Appellee insists that the proof fails to show an accident within the meaning of the Workmen's Compensation Act. That there was an unexpected or unforeseen event happening suddenly and violently may not be successfully challenged. The evidence that there was is substantial. There is convincing proof of objective symptoms of injury. An injury suffered by appellant March 5, 1956, arose, as he claims, out of and in the course of his employment.
Appellant incurred reasonable and necessary expenses in connection with securing medical relief for his physical condition arising out of the accident as follows: Lexington Community Hospital, Lexington, Nebraska, $44.15; Mayo Clinic, Rochester, Minnesota, $125; correction belt, $20; Dr. Olsson, Lexington, Nebraska, $78; Dr. Patton, Arapahoe, Nebraska, $15; expense of trip from Lexington, Nebraska, to Mayo Clinic, Rochester, Minnesota, and return, $100; expense of 5 trips from Lexington, Nebraska, to Arapahoe, Nebraska, and return, $28.

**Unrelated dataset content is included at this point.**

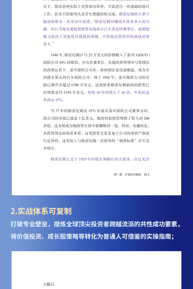 | 《投资大师列传1》是一部聚焦金融市场传奇人物的匠心之作,深度挖掘投资界顶尖人物的实战心法与财富密码。书中的投资大师们以超越时代的洞察力,在资本市场留下辉煌战绩,他们的投资哲学与策略,早已成为全球投资者奉为圭臬的制胜法则。作者以精练生动的笔触,还原大师们纵横市场的关键战役,结合当时的时政经济背景,深度解析投资决策背后的逻辑与智慧。读者将置身风云变幻的金融现场,感受大师们在市场浪潮中精准捕捉机遇、化解危机的卓越胆识,体悟资本市场的残酷与魅力。本书打破专业壁垒,从实战视角出发,提炼大师们成功的核心要素与共性策略。无论是研判市场趋势的独到眼光,还是构建投资体系的科学方法,都为投资者提供可借鉴的实战指南。在当下中国经济转型、金融市场格局重塑的关键时期,参透投资大师们的成功秘诀,是投资者提升专业素养、应对市场挑战的必修课。正如牛顿所言;站在巨人的肩膀上看得更远,本书堪称打开投资智慧宝库的钥匙。无论你是初入市场的新手,还是寻求突破的资深投资者,都能从大师们的传奇故事与投资精髓中,汲取灵感、优化策略,在财富增值的道路上稳步前行。 |

Appellant is entitled to recover from appellee temporary total disability for 93/7 weeks at $30 per week and for permanent partial disability for 2904/7 weeks at $7.66 per week. Section 48-121, R.S.Supp. 1955; Peek v. Ayres Auto Supply, 155 Neb. 233, 51 N.W.2d 387. Appellant is also entitled to recover from appellee the items of expense incurred by him as set out above. Section 48-120, R.R.S.1943; Newberry v. Youngs, 163 Neb. 397, 80 N.W.2d 165.
The judgment should be and is reversed and the cause is remanded to the district court for Dawson County with directions to render and enter a judgment for appellant and against appellee in accordance with this opinion.
Reversed and remanded with directions.